My best belief is he was offered the one year non guaranteed contract, because that was probably the right thing for Pax to do at the time, and then Austin signed and then backed out of a contract, and at least on the later point that is Austin's fault no one else's. The liar charges between Pax and Austin being more of an unfortunate byproduct of the Austin/Duffy litigation, so who has a possible monetary interest in lying about that issue, with serious financial problems? Obviously Austin.

This is obviously a mess for all concerned, and I don't know how the litigation will come out, but I suspect Austin is entitled legally to nothing from Duffy. Duffy is presumably a wealthy man and might settle for a modest sum, admitting no guilt, just to make this go away and try to salvage his reputation with other players in the league who could be turned off by this. The Bulls's are not from what I can tell directly involved, just as witnesses, where i suspect they will just tell the truth, which I believe will support Duffy's recollection of events more than Austin's.

I believe Pax is still trying to stay on the high road by indicating his desire for Austin to be part of the summer league roster, but is in the middle of these flying accusations. I hope the Duffy/Austin war does not jeopardize Pax/Austin. To that extent some kind of a settlement might be best for all parties. If this goes to court it could be ugly and lies may be common and damaging even if untrue. 

I don't think Duffy or Pax have any unmet legal obligations here. Duffy and Austin have obviously ended their relationship, but Bull's fans hope Pax and Austin have not burned their bridges beyond repair. My main question is should Pax try to be an intermediary here. I would not mind if Pax tried to encourage Duffy to settle, by agreeing without admiting guilt to contribute to the settlement with Duffy, to help this issue go away and allow the Bulls and Austin to continue even if Duffy and Austin don't.

In that regard isn't this somewhat similar to Jay's situation. He made a mistake, and he violated his contract. The Bulls could have said see ya, but they didn't. I feel Austin's problems are mostly self inflicted, but we all make mistakes. He shouldn't make money overall as a result of this suit in my opinion, but if a combination of Duffy and the Bulls helped to compensate Austin for at least some portion of his buyout, I could see that as a good solution to a messy situation.

Who knows what really happened, but based on what I have heard and the apparent vested interests of the parties in this dispute, I believe some are jumping to conclusions on Paxson's guilt, and he may have acted properly throughout this process, and with the summer camp offer is cllearly trying to salvage something here.
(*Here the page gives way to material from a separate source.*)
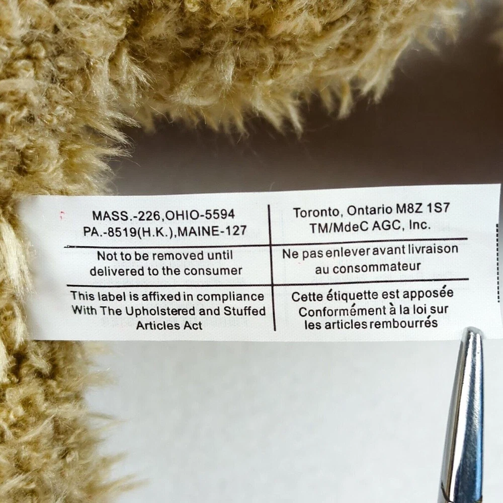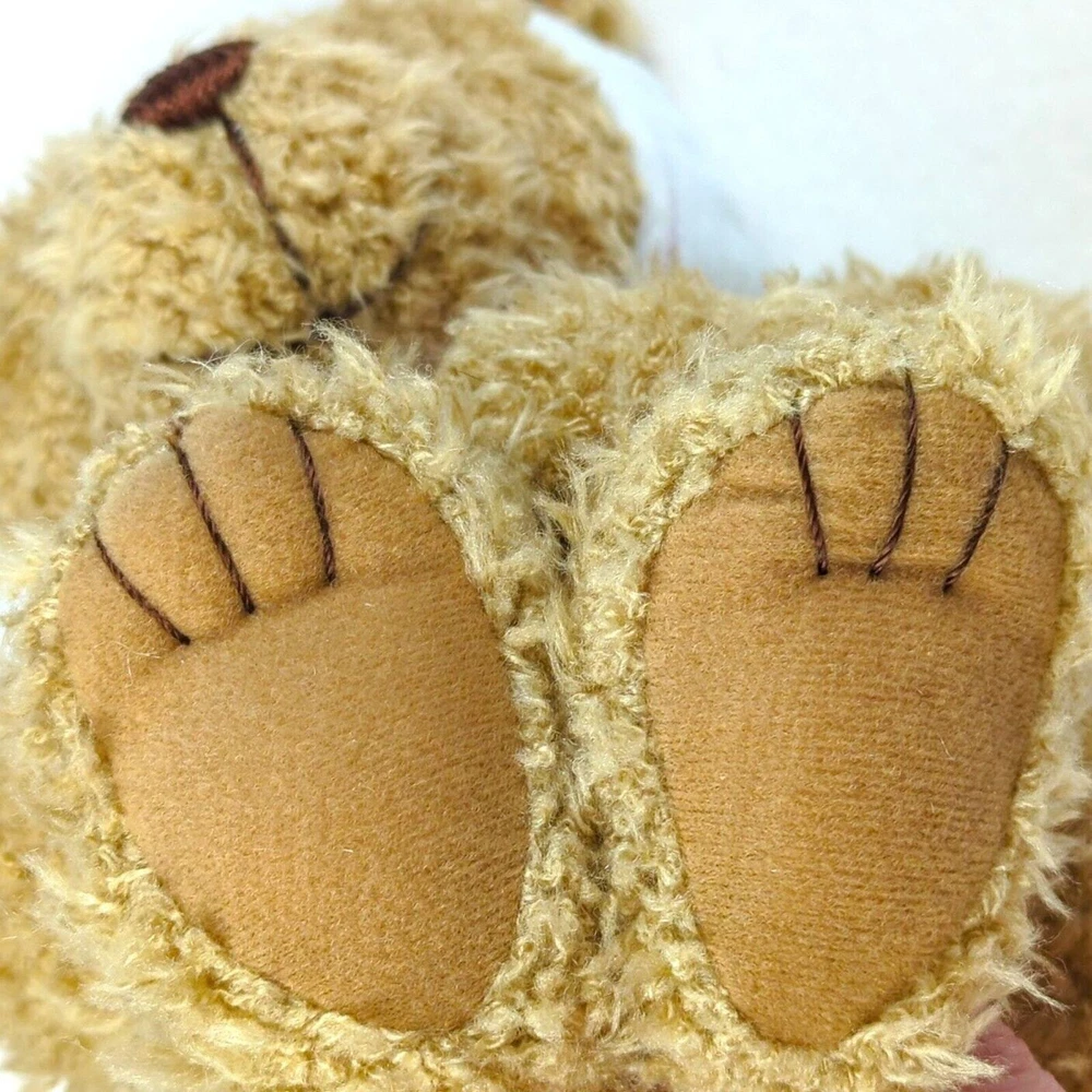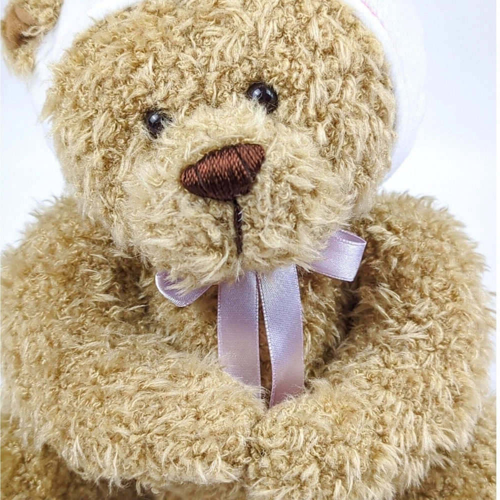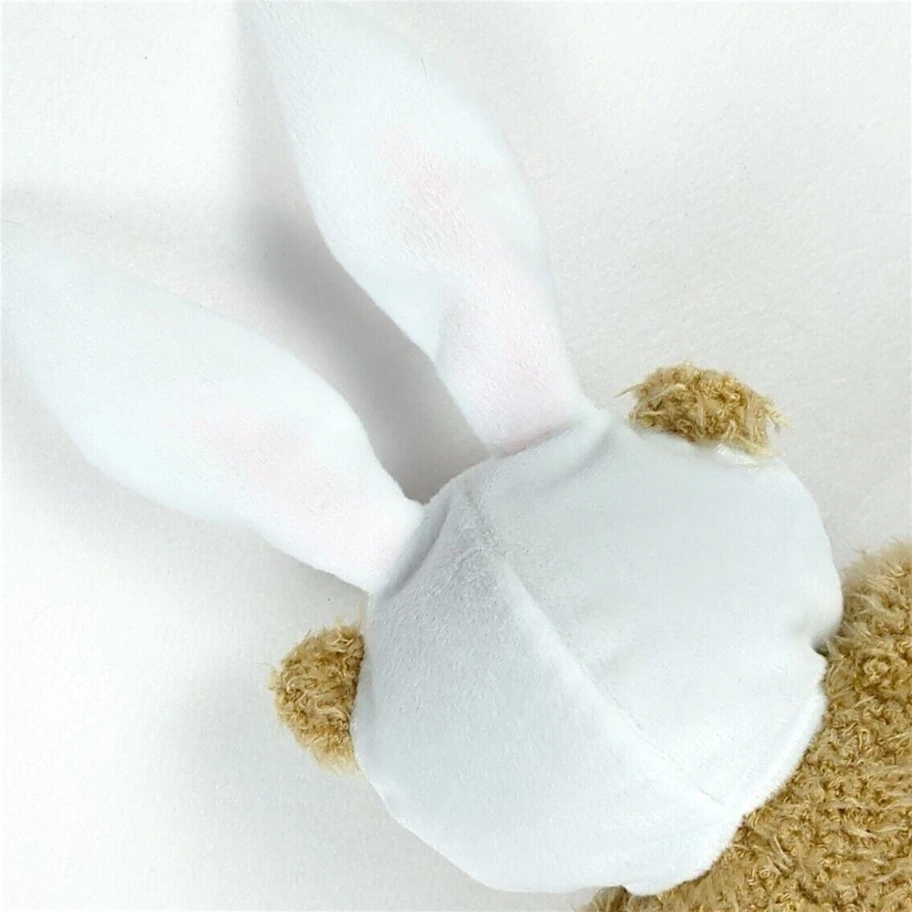 Plush Stuffed Easter Teddy Bear • Brown Bear wearing white bunny ears • Flexible wire in the ears allows you to bend and shape the ears into place • Ear headpiece is tied around the neck with the ribbon, but the bow is attached to the bear's neck and therefore the ear headpiece is not removable • Paws are connected together in front • While seated, bear itself is approximately 9" wide and 8" tall not including ears -- add another 4.5" with ears This is a pre-owned, used item in good condition. No stains, holes, or loose seams.

What do you guys think?


----------



## MikeDC (Jul 16, 2002)

Excellent analysis WWW and CCCP!

And I have to take back what I said earlier, it doesn't appear that a lot of this makes Paxson look that bad because I don't see what, at any point, he could or should have done differently.

The one thing that would seem to make sense that he hasn't done is waive Shirley (who would have to be paid anyway, but who can't play because he's hurt) and sign up Austin to play out the string. To me, that would make sense. If the Bulls have any interest in bringing in Austin this summer, it might help to get him on court and practicing now.

The only legit reason I've heard for Shirley signing again is to include his non-guaranteed deal in a trade this summer, but if I'm not mistaken he could still be signed again as soon as the season is up, and thus used for his legitimate purpose (trade fodder).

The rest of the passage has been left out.